== Segment start ==
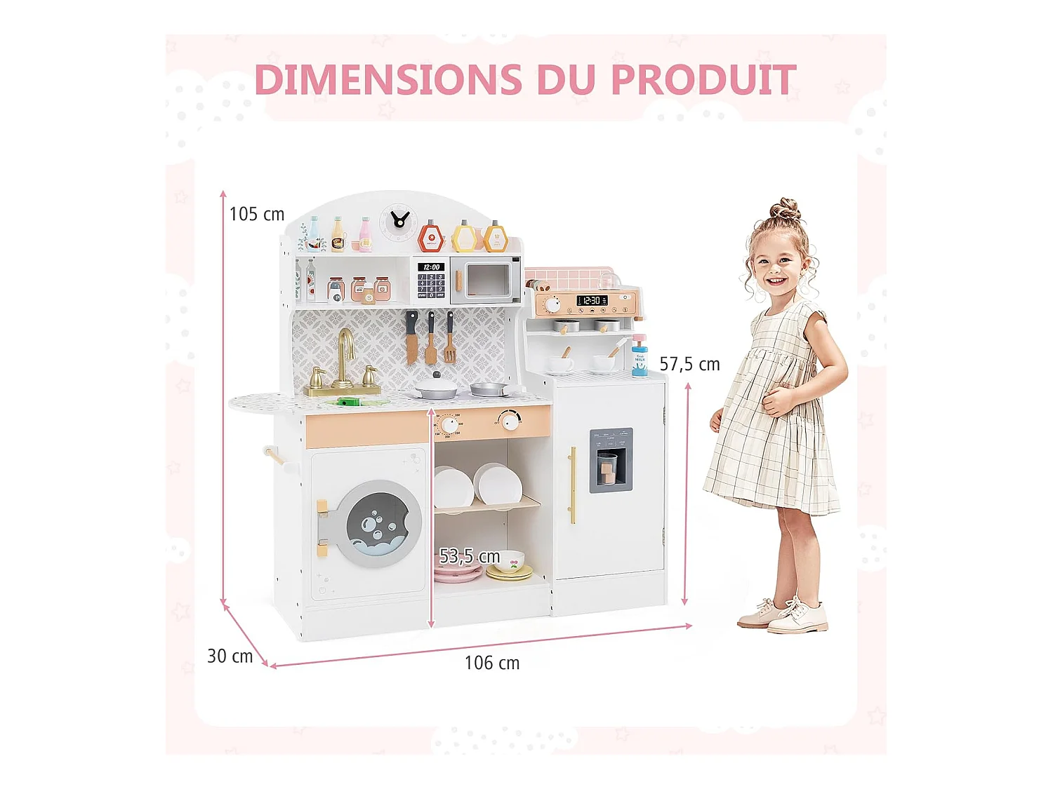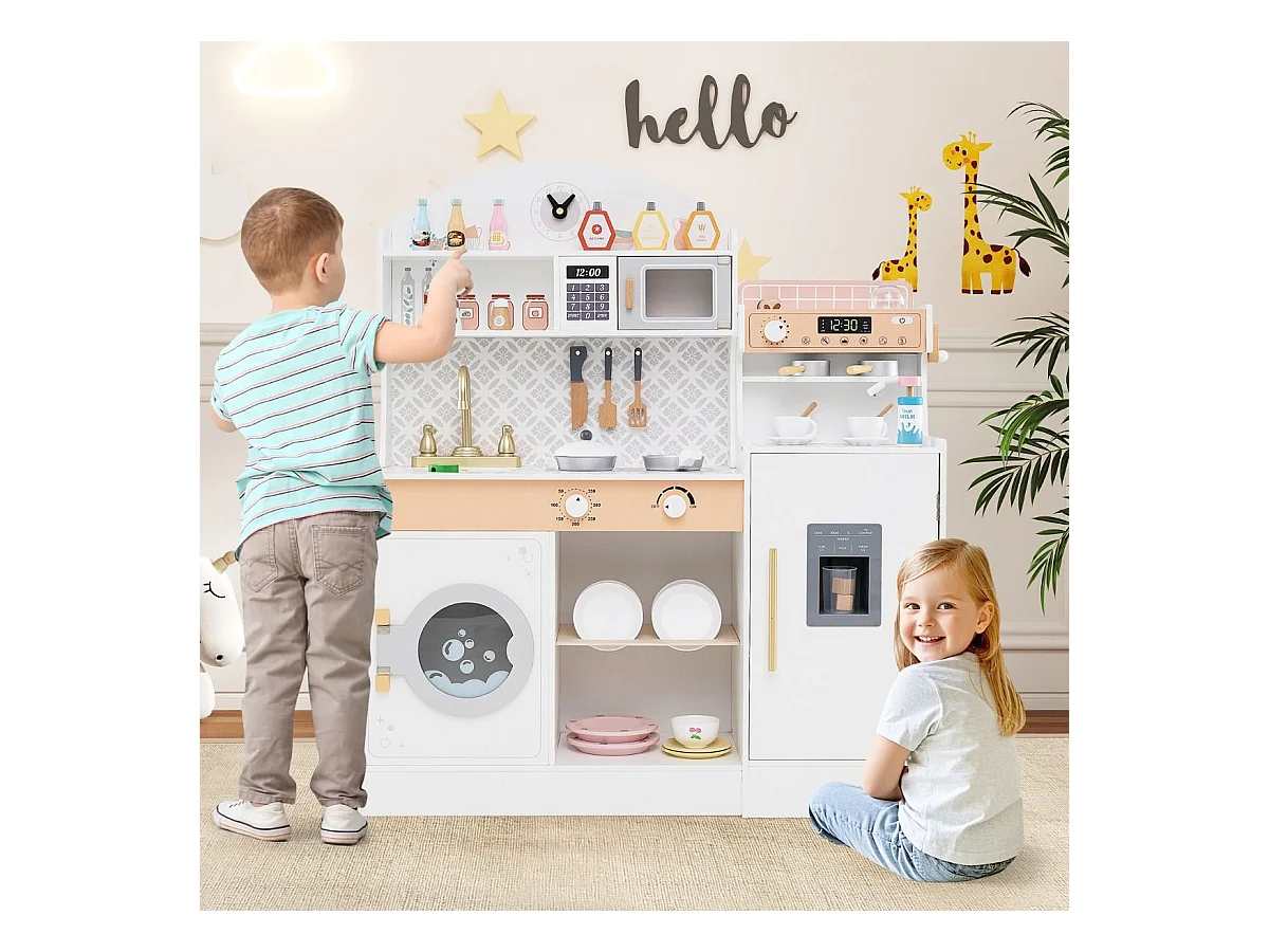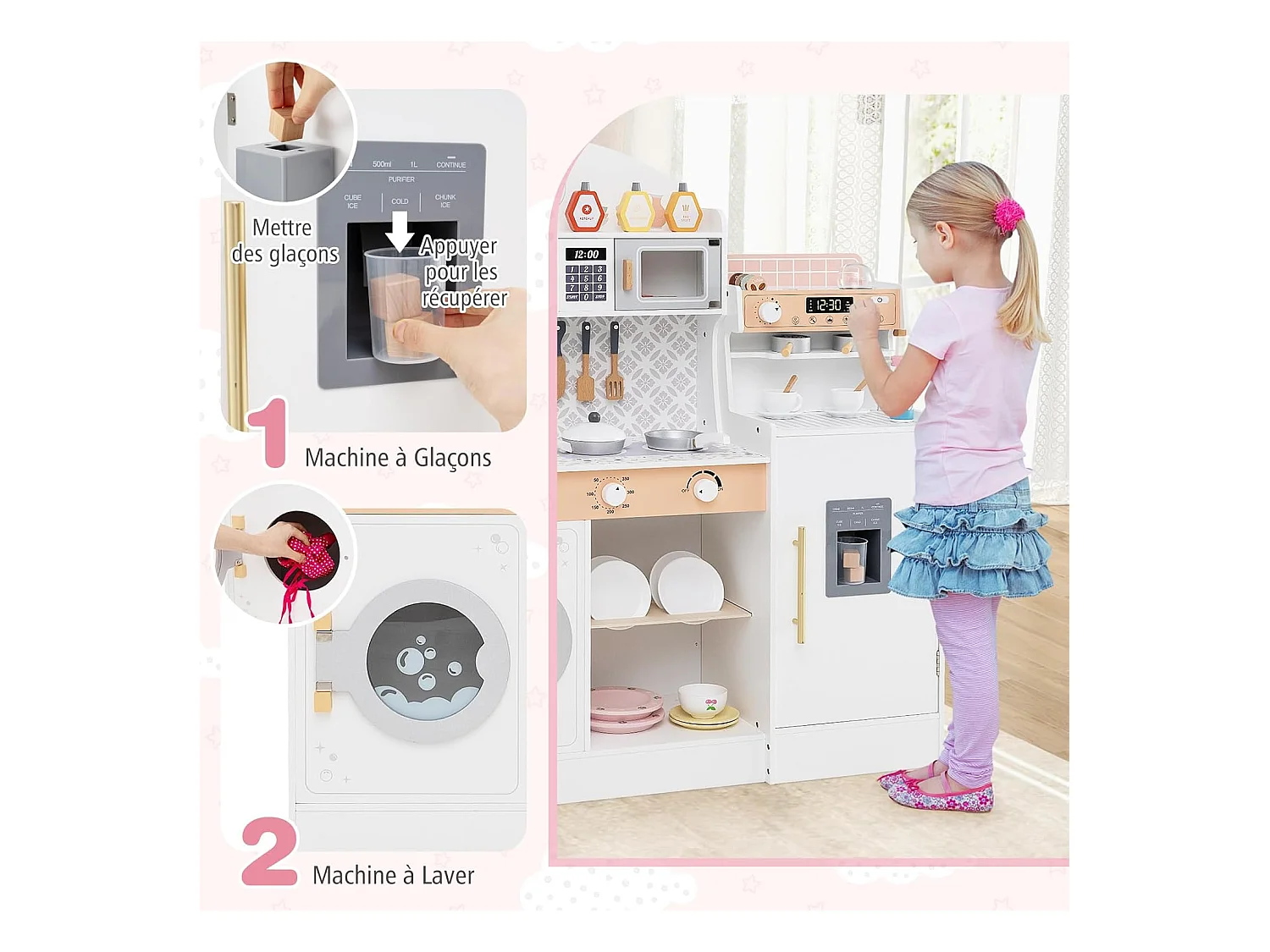 Cuisine Enfant en Bois avec Effets Sonores et Lumières, avec Machine à Laver et Micro-Ondes, Machine à Glaçons, Jouet de Simulation pour Enfant de 3 Ans+
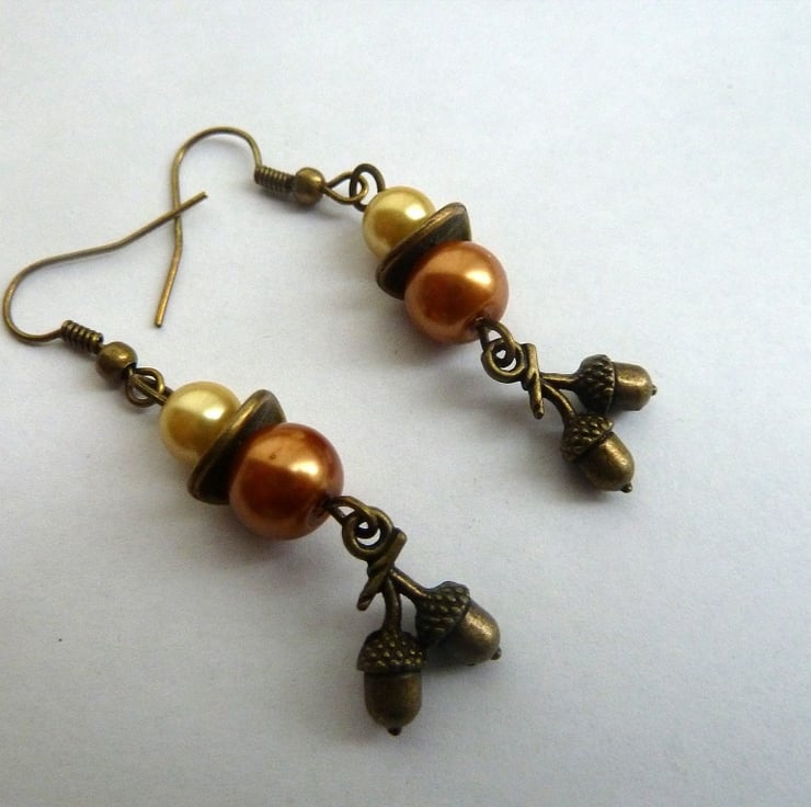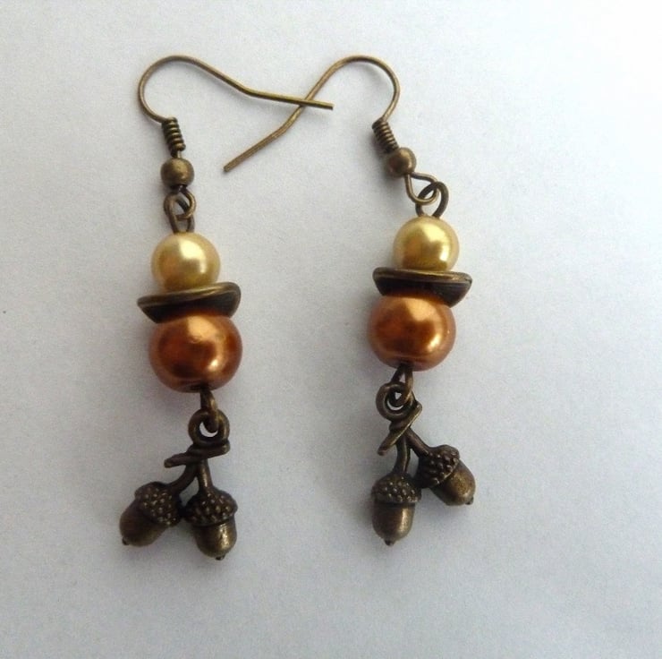 A pair of bronze earrings which feature gold and brown glass beads with bronze acorn charms.
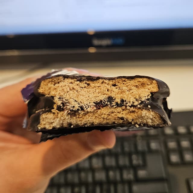 DELICIOSO! Me gustó muchisimo. Rico el chocolate, bien intenso y excelente combinación con el relleno de frutos rojos. Realmente recomendable
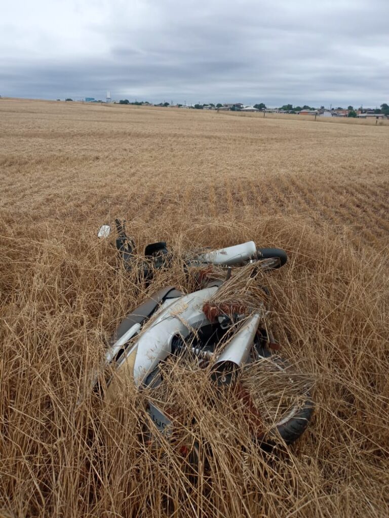 Ao averiguar informações recebidas, os policiais de serviço encontraram a moto SUNDOWN WEB 100, de cor cinza, em situação de abandono, em uma lavoura, no bairro Cooperativa Velha.
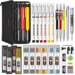 Nicpro 39本パックの大工用鉛筆セット。シャープナーと替芯102本付き。ロングペン先マーカーと超硬スクライブツールも含まれ、持ち運びに便利なケース付き。
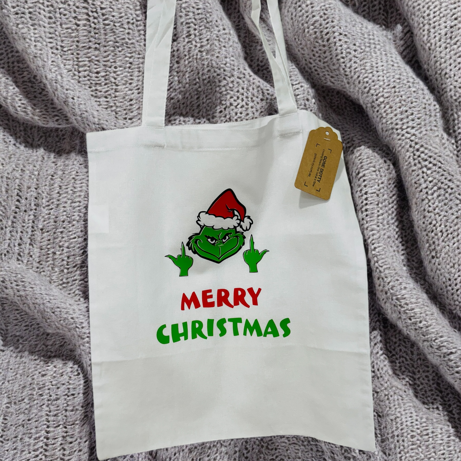 Rediscover the joy of Christmas with these delightful totes! 🎄 Whether you're a fan of The Grinch know someone who's misplaced their holiday cheer, these totes are the ultimate festive companion. Not only do they add a touch of whimsy to your gift-giving as a Christmas gift bag, but they’re also reusable and washable, offering both convenience and sustainability.
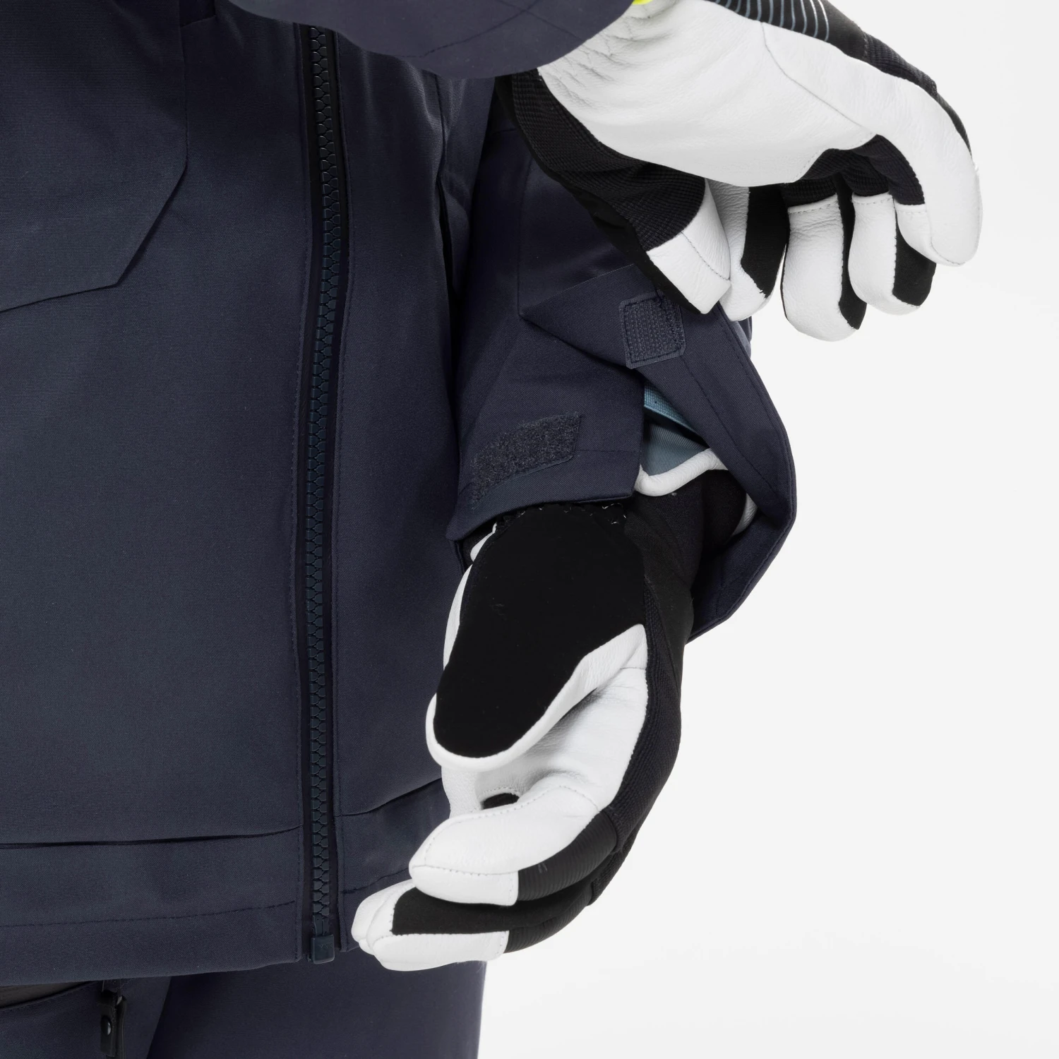 Wide, adjustable sleeves designed to fit over gloves. Elastane cuffs providing a perfect seal between the gloves and the jacket.
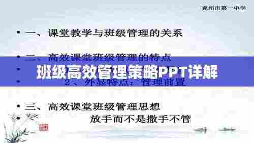 在当今教育环境下,班级高效管理对于提升教学质量、促进学生全面发展具有重要意义,一个优秀的班级管理者不仅需要丰富的教育知识,还需要掌握有效的管理技巧,本次ppt展示将为我们介绍如何实现班级高效管理。
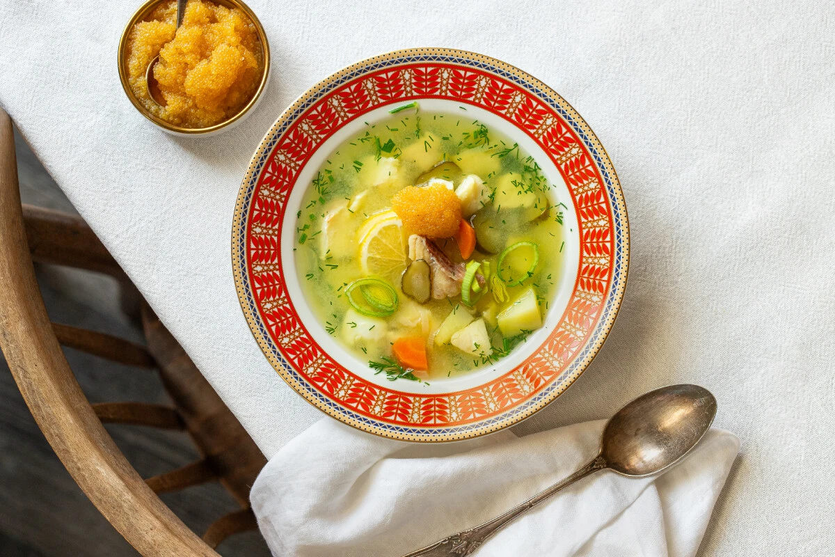 В готовый суп добавьте мелко нарезанную зелень и, по желанию, сок лимона. Дайте супу настояться. Перед подачей добавьте в тарелку мелкую икру – у нас щучья, но вы можете использовать и другую – например, икру сазана. Перед тем как есть суп, размешайте икру. Также можете подать к супу рюмки с рассолом, чтобы каждый добавлял себе по вкусу. Этот список продуктов приведен в книге Похлебкина, в нём очень велика доля рыбы. Пропорции можно изменить на свой вкус
== Segment end ==
# What this task involves:
Copy all the entries word for word. Omit any pictures.

# Output below:
 Cuisine Enfant en Bois avec Effets Sonores et Lumières, avec Machine à Laver et Micro-Ondes, Machine à Glaçons, Jouet de Simulation pour Enfant de 3 Ans+
 A pair of bronze earrings which feature gold and brown glass beads with bronze acorn charms.
 DELICIOSO! Me gustó muchisimo. Rico el chocolate, bien intenso y excelente combinación con el relleno de frutos rojos. Realmente recomendable
 Ao averiguar informações recebidas, os policiais de serviço encontraram a moto SUNDOWN WEB 100, de cor cinza, em situação de abandono, em uma lavoura, no bairro Cooperativa Velha.
 Nicpro 39本パックの大工用鉛筆セット。シャープナーと替芯102本付き。ロングペン先マーカーと超硬スクライブツールも含まれ、持ち運びに便利なケース付き。
 Rediscover the joy of Christmas with these delightful totes! 🎄 Whether you're a fan of The Grinch know someone who's misplaced their holiday cheer, these totes are the ultimate festive companion. Not only do they add a touch of whimsy to your gift-giving as a Christmas gift bag, but they’re also reusable and washable, offering both convenience and sustainability.
 Wide, adjustable sleeves designed to fit over gloves. Elastane cuffs providing a perfect seal between the gloves and the jacket.
 在当今教育环境下,班级高效管理对于提升教学质量、促进学生全面发展具有重要意义,一个优秀的班级管理者不仅需要丰富的教育知识,还需要掌握有效的管理技巧,本次ppt展示将为我们介绍如何实现班级高效管理。
 В готовый суп добавьте мелко нарезанную зелень и, по желанию, сок лимона. Дайте супу настояться. Перед подачей добавьте в тарелку мелкую икру – у нас щучья, но вы можете использовать и другую – например, икру сазана. Перед тем как есть суп, размешайте икру. Также можете подать к супу рюмки с рассолом, чтобы каждый добавлял себе по вкусу. Этот список продуктов приведен в книге Похлебкина, в нём очень велика доля рыбы. Пропорции можно изменить на свой вкус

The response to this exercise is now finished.